IS IT ABOUT MAKING US SAFER?

Yaser Esam Hamdi was a US citizen when he was thrown into solitary confinement for two years without being told what he was accused of. It could have been for life, given the likely duration of the "war on terror". The Supreme Court eventually gave the administration a put-up-or-shut-up order, with even Scalia chiming in with "The very core of liberty secured by our Anglo-Saxon system of separated powers has been freedom from indefinite detention at the will of the Executive". So what was done with this man who was allegedly too dangerous to be allowed to see a lawyer? He was released without charge and sent to Saudi Arabia.

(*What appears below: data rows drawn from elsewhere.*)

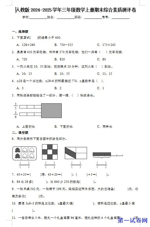 当前位置:免费教育资源网 → 下载 → 数学试题 → 初中与小学试题 → 小学三年级→ 人教版2024-2025学年三年级数学上册期末综合素质测评卷 免费下载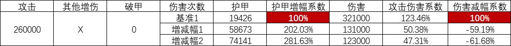 我做了一组数据比对,在对方26万攻击,0破甲;我方0格挡,0减伤的情况下,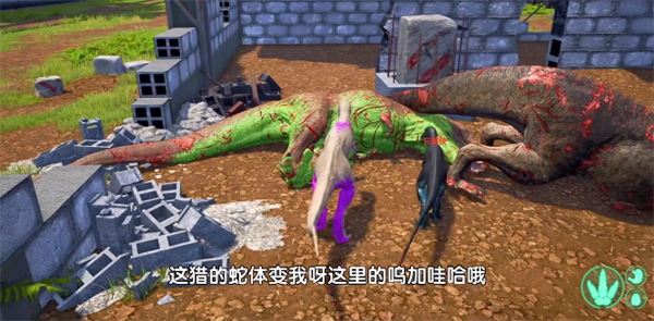 4、还可以和一些体积较大的恐龙进行战斗,以看看自己的总体实力如何。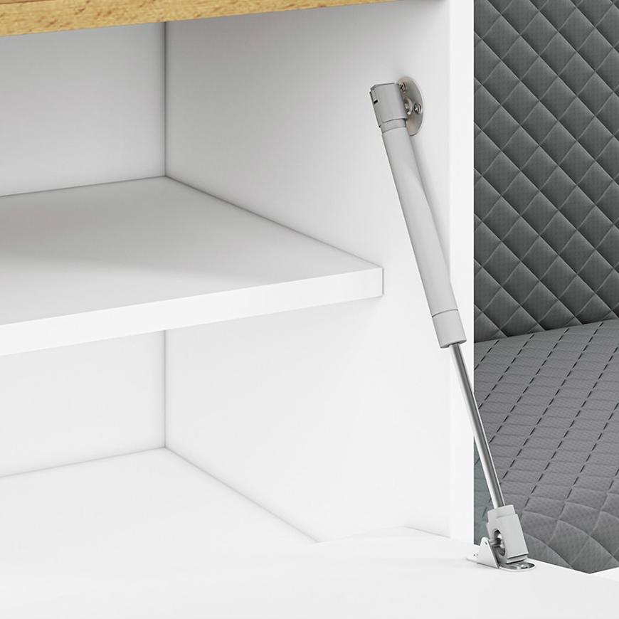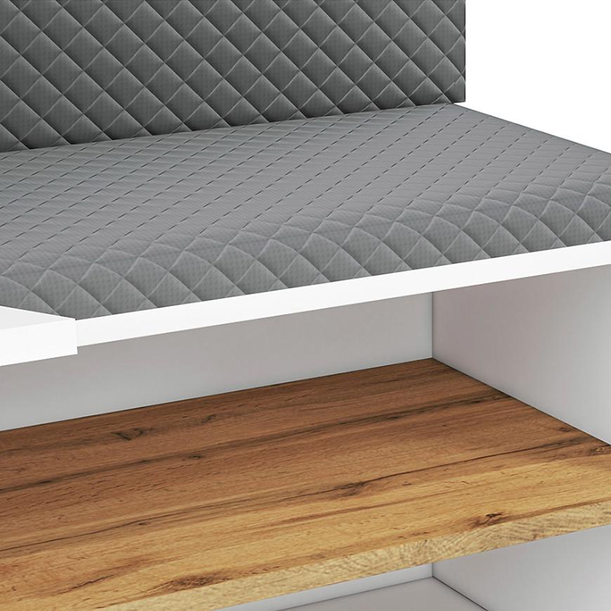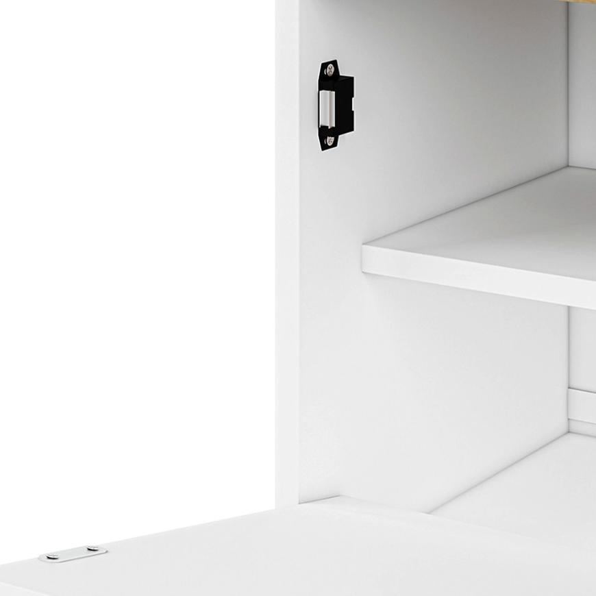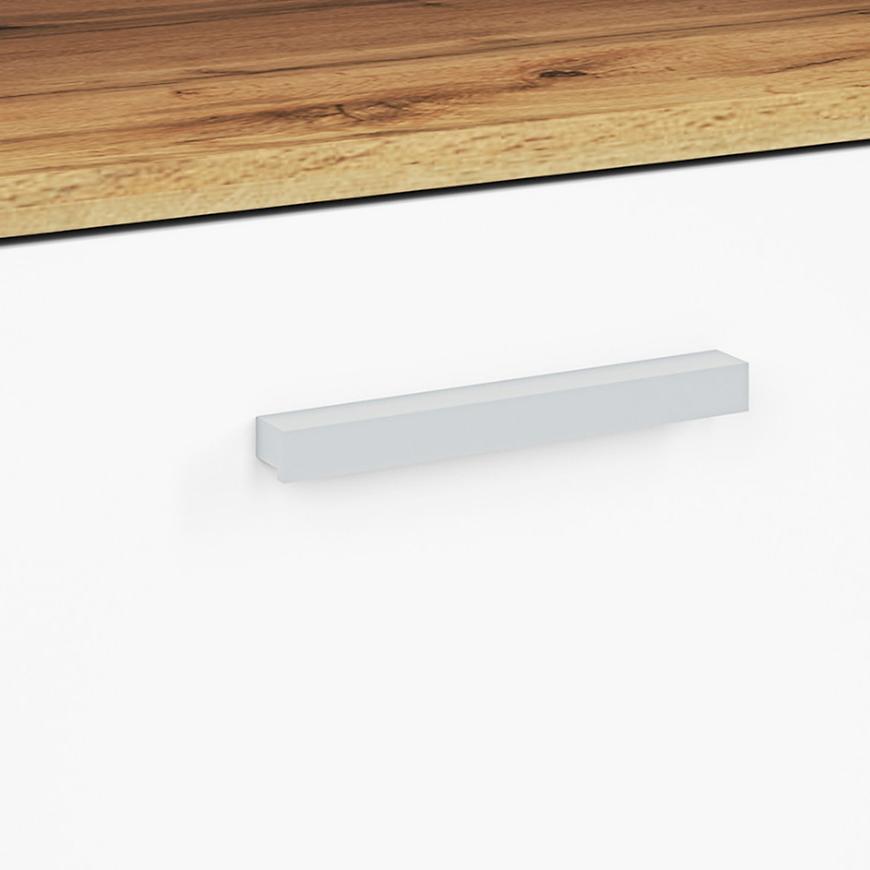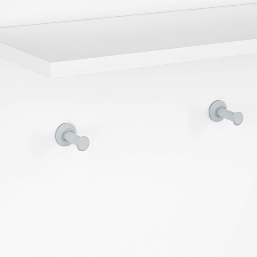 Białe wykończenie frontów i korpusu nadaje garderobie lekki i nowoczesny wygląd, doskonale komponując się z różnymi aranżacjami wnętrz. Płyta wiórowa laminowana użyta w konstrukcji frontów i korpusu zapewnia solidność i trwałość mebla.

Torture isn't making us safer either. Former CIA officer Bob Baer told reporters it's "bad interrogation, I mean you can get anyone to confess to anything if the torture's bad enough". Torture is where the "evidence" against Jose Padilla came from.

PRESIDENTIAL AUTHORITY

Is the President above the law? His legal adviser John Yoo says so. He told New Yorker report Jane Mayer that Congress "can't prevent the President from ordering torture".

The legal theorists who are defining what a Commander in Chief can do have set forth theories that recognize no limits at all. That's correct, unlimited power. That even includes using awesome war powers against US citizens on US soil.

IS THIS A LIBERAL THING?

It was Reagan's deputy Attorney General, Bruce Fein, who wrote for the Washington Times (December 28 2005) "Congress should insist the President cease the spying unless or until a proper statute is enacted or face impeachment".

Republicans on the Senate Intelligence Committee wanted to hold an investigation until pressured into changing their votes.

Republican James Sensenbrenner said "I think that ... is stonewalling".

BUT AREN'T WE IN DANGER NOW? ISN'T THIS PRE-9/11 THINKING?

We were in danger in 1789 when the mightiest nation on earth was our enemy. The Founders still put together a constitution in which the President doesn't get to interpret, or worse yet violate, the law.

Imprisoning people without charge, counsel, or opportunity to defend themselves is pre-Magna Carta thinking.

Greenwald puts into perspective the fear that the administration promotes by saying "one can protect against the threat of terrorism with courage, calm, and resolve".